6. I too have had serious lower back issues, luckily fixed by my own chiropractor; so I too have to do my exercises, take care when lifting supers full of honey, gardening and using the chainsaw. Regaining the function of your spine is just as important as the pain.

7. My own granddaughter, only 7 is hypermobile giving her pelvic, knee and ankle issues. Xrays show a mildly dysplastic hip. Years ago we would have called it growing pains. She too regularly needs chiropractic care and luckily responds well. Increased range of motion is more difficult than too stiff in my opinion. Our care is for kids too.

8. This 65 year old lady is a serious gardener; every day she is bending, lifting and digging for 2 to 3 hours a day. It regularly catches her in the sacroiliac joint, so she has a treatment once a month that sorts it out. She does her lower back exercises faithfully.

9. This 88 year old lady is an inspiration; every day she is busy in the community. With a nasty scoliosis she manages very well with a chiropractic adjustment every six weeks and exercises faithfully done.  

10. Mr X is a 71 year old retired man who wants to continue with maintenance care every six to eight weeks; he had suffered from two years of lower back pain when he first came a year ago.

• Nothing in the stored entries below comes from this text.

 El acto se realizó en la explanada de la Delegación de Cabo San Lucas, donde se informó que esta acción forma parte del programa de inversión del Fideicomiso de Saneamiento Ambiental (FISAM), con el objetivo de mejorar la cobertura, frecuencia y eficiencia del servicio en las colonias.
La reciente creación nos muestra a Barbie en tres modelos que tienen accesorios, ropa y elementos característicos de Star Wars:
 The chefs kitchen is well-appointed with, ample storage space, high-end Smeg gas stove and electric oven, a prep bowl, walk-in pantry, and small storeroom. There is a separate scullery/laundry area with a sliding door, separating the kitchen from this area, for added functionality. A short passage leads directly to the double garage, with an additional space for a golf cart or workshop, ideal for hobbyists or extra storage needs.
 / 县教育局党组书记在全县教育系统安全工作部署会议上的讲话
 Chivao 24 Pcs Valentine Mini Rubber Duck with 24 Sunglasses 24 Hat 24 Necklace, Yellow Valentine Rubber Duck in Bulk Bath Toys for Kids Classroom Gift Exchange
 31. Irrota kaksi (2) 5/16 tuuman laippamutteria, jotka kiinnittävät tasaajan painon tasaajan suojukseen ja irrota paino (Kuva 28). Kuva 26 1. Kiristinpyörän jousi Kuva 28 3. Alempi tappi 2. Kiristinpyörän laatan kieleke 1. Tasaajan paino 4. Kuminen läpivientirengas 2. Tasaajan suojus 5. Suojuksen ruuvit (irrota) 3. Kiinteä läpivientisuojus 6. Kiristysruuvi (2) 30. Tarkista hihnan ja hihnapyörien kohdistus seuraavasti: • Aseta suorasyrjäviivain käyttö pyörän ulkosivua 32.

He has no discomfort now after 8 chiropractic treatments, but is aware that danger lurks.

11. Mrs C has been having severe headaches, and taking a lot of analgesics. It's a non complicated upper cervical facet syndrome, and she's doing well.

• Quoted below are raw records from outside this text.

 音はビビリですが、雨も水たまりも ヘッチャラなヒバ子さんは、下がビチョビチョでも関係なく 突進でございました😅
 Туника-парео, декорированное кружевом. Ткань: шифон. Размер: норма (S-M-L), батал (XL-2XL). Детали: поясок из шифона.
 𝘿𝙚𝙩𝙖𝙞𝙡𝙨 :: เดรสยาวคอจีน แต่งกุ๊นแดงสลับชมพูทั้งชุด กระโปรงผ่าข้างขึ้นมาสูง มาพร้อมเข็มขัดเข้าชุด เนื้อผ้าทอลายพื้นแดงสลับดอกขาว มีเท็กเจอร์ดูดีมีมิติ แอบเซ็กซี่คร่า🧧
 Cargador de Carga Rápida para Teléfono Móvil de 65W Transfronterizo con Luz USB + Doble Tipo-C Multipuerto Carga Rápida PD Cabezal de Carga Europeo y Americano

12. Mr D is a 38 old year man with chronic shoulder pain after a rotator cuff tear playing cricket. It responded well to treatment, but he knows he must do his exercises every day; for two years he couldn't sleep on that shoulder.

13. Mr D, a 71 year old man, has a severe ache in the shoulder and midback since working above his head. Trapped nerve tests are negative but he has advanced degenerative joints of Luschka; after just two treatments he is 50 percent better. Can we reach 90?

And so the day goes; chiropractors shouldn't be treating the elderly most medical sites state but that's so much bunkum.